EXERCISE INSTRUCTIONS: Set down, please, exactly the lines below that run from the line with "A classic jean" to the line with "in Molecular Therapy.", both lines included.
━━━ ENTRIES SUPPLIED
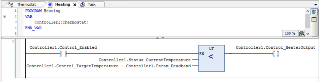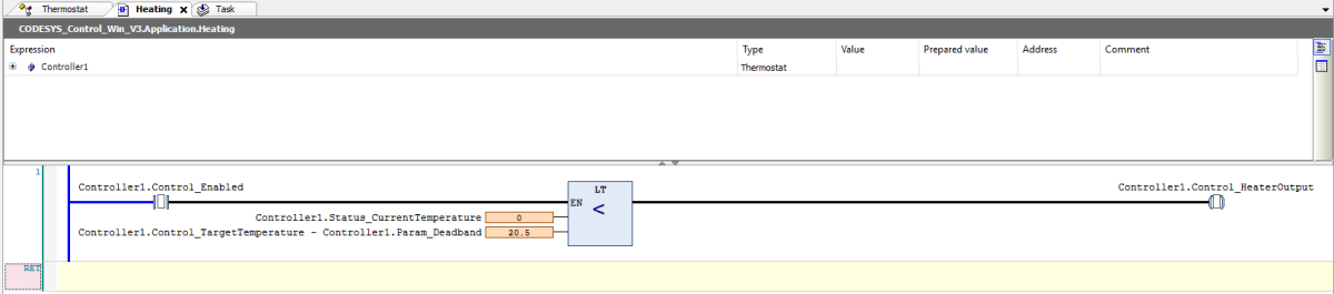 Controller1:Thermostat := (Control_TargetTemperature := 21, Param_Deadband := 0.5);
━━━━━━
━━━ ENTRIES SUPPLIED
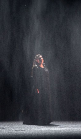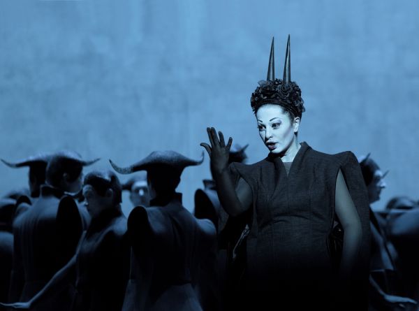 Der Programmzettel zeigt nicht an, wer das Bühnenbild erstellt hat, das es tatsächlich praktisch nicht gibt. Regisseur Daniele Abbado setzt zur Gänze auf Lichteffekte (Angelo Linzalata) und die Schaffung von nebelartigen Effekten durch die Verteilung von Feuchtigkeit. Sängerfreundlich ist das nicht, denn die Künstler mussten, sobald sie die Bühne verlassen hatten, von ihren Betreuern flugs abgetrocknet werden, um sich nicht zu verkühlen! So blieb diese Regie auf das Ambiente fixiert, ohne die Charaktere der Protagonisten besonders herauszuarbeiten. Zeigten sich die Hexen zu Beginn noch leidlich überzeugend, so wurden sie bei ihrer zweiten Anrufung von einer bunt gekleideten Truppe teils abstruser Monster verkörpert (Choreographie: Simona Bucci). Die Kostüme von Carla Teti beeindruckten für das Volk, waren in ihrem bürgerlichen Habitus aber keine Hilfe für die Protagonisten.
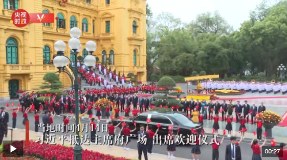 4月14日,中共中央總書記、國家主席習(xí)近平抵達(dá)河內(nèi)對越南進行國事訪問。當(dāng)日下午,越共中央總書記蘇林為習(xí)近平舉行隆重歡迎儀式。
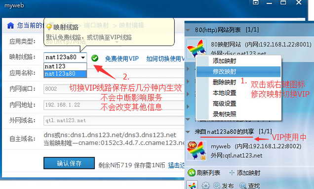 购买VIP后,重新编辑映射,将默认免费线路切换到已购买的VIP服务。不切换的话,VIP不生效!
━━━━━━
━━━ ENTRIES SUPPLIED
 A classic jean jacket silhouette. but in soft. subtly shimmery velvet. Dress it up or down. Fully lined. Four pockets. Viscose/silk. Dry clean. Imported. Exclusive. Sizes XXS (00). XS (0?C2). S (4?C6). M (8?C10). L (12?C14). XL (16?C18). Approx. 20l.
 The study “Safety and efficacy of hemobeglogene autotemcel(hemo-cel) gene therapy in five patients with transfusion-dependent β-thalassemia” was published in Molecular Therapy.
━━━━━━
YOUR RESPONSE:
 A classic jean jacket silhouette. but in soft. subtly shimmery velvet. Dress it up or down. Fully lined. Four pockets. Viscose/silk. Dry clean. Imported. Exclusive. Sizes XXS (00). XS (0?C2). S (4?C6). M (8?C10). L (12?C14). XL (16?C18). Approx. 20l.
 The study “Safety and efficacy of hemobeglogene autotemcel(hemo-cel) gene therapy in five patients with transfusion-dependent β-thalassemia” was published in Molecular Therapy.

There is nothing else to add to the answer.